The Japanese bureau, its cubbyholes and compartments jammed with notes and notebooks and scraps of paper, had yielded up many tales and articles that appeared in this or that journal. Machen had already written The Holy Things, Psychology, Witchcraft, The Rose Garden, The Ceremony, Midsummer and many other. He was becoming well known as the author of a number of rather strange, rather clever stories. Sometimes they were called “nasty” or “disagreeable” stories by outraged critics who were quite likely to view them with an eye jaundiced by too careful perusal of The Yellow Book. The Keynote Series sold quite well and Machen’s The Great God Pan and The Inmost Light in Volume V, The Three Impostors and The Iron Maid in Volume XIX had wide circulation. The Memoirs of Casanova, published in the same year as Pan, though limited to a thousand copies, brought him some reputation and recognition on a more scholarly plane. Still, he made no fortune on these books, then—or ever. And that was beginning to matter. He was even moved, in 1895, to enter an American short story competition. His entry, The Red Hand, written for the competition, won no prize but it did appear in the Christmas issue of Chapman’s Magazine for that year.

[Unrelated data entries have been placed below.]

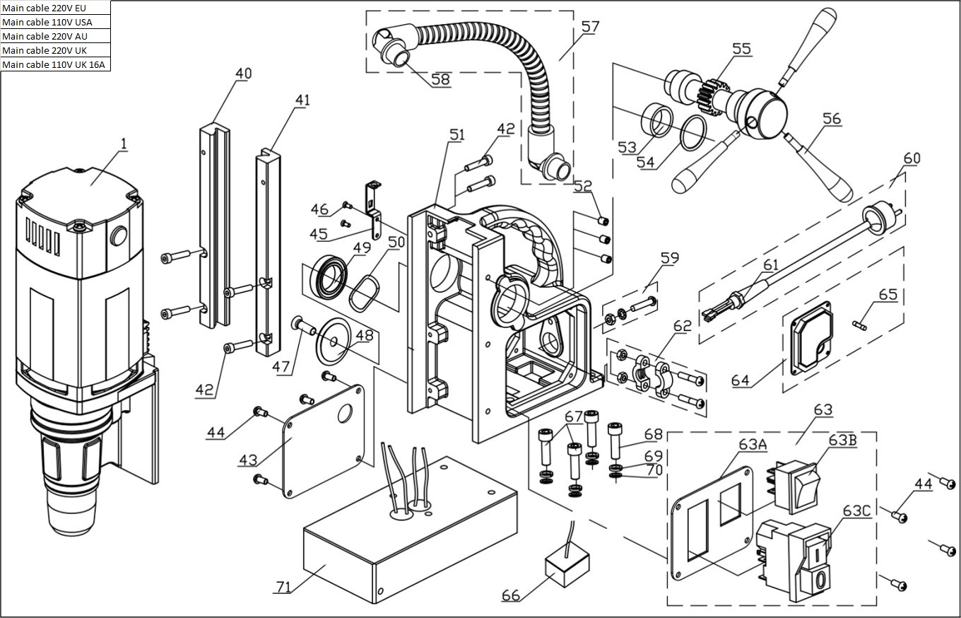 Magnetic drilling machine, annular cutters max. dia 30 millimeter, power supply tension 220 - 240 Volt, power supply frequency 50 - 60 Hertz, rotation direction clockwise.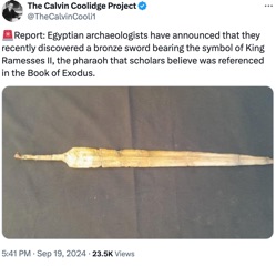 [Breitbart.com] An ancient sword that may have belonged to the army of the Egyptian pharaoh whom Moses liberated the Israelites from in the Old Testament was unearthed by archaeologists, officials say. The bronze weapon was found in an excavation site in the Hosh Issa district of Beheira Governorate, in the northern part of the country, Egypt's Ministry of Tourism and Antiquities said in a September 4 press release... Subscribe for free to Breaking Christian News here Click Here to read. (Screengrab image: via X-The Calvin Coolidge Project)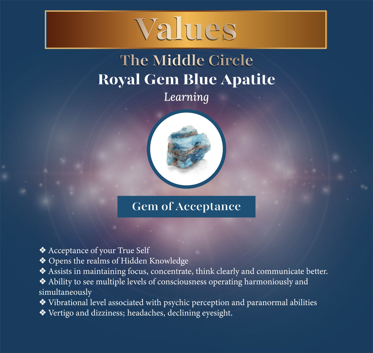 Today you chose Royal Gem Blue Apatite (specific to # 1-6).Â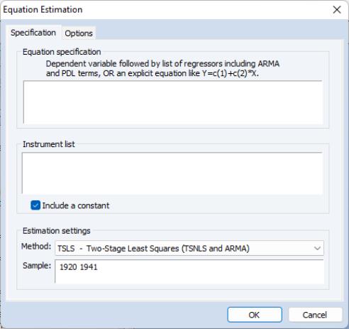 To estimate an equation using Two-stage Least Squares, open the equation specification box by choosing or Choose TSLS from the Method: dropdown menu and the dialog will change to include an edit window where you will list the instruments.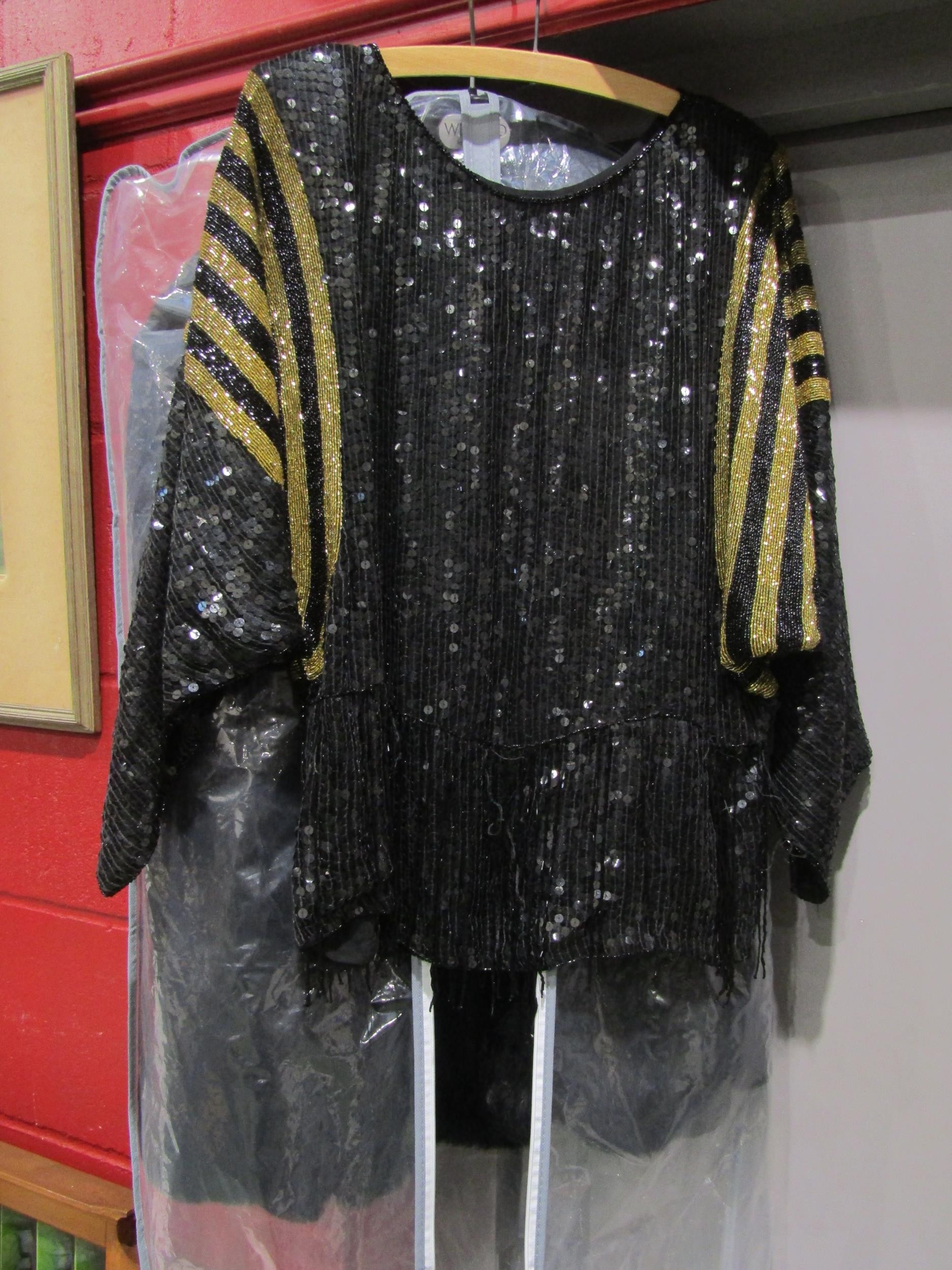 A black fur jacket and a late 1970's/early 80's sequin top (2)

It was a quiet life. He had, in those days, few friends and few acquaintances. His life was in reading books and in writing them. That no one seemed to be publishing them was, for the moment, quite unimportant. He describes his daily routine in Things Near and Far: “Every morning after breakfast I read over what I have written the night before, correcting here and there and everywhere, generally convinced that the passage which had pleased me so much as I wrote it was, after all, not magnificent. I took the bulldog for a walk from twelve to one, and another half hour walk in the afternoon. Then two cups of tea without milk or sugar at four, and the rigor of the literary game till seven, and again after dinner till eleven. It was a life of routine, and all its adventures, difficulties, defeats and rare triumphs were those of the written page.”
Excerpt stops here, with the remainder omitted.